MACKLIN, JAMES A. Botany Department, The Academy of Natural Sciences, 1900 Benjamin Franklin Parkway, Philadelphia, PA 19103. - The influence of Charles Sprague Sargent on Crataegus taxonomy in the early 20th century.
In the early twentieth century more than 1000 new North American
Crataegus species were described by a small number of
influential botanists. The most prominent of them was Charles Sargent
who described an astounding 732 new species in Crataegus while
director of Harvard University’s Arnold Arboretum. The large number
was the result of keen field observation combined with a narrow
species concept. Understanding his delimitation of species is
complicated by his idiosyncratic and often confusing way of citing
type and other specimens and his unique type-specimen concept.
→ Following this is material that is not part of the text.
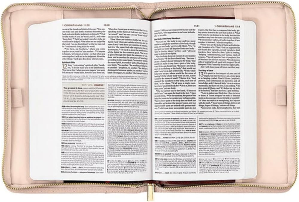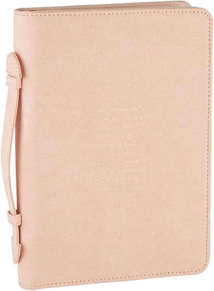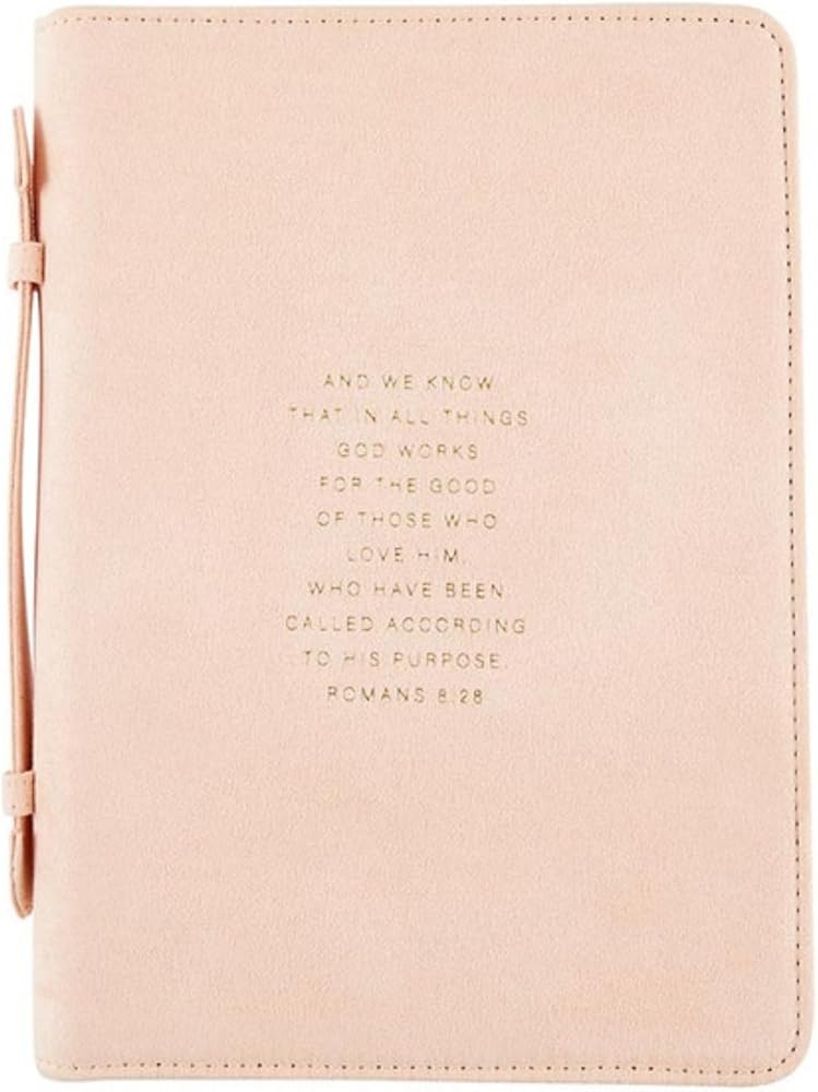 PEACH COVER WITH GOLD ZIPPER: Gold foil scripture reads "And we know that in all things God works for the good of those who love Him, who have been called according to His purpose - Romans 8:28"

Examples of Sargent’s citations discussed here provide evidence of the
way he viewed types and the association of the name with a living
“type tree.” It is unclear what contact Sargent had with the
international taxonomic community that was actively attempting to
standardize the nomenclatural process. Near the end of his career,
however, Sargent began to designate a single specimen as a type.
Sargent’s frequent failure to designate a single type specimen creates
a need for lectotypification in order to properly assign names.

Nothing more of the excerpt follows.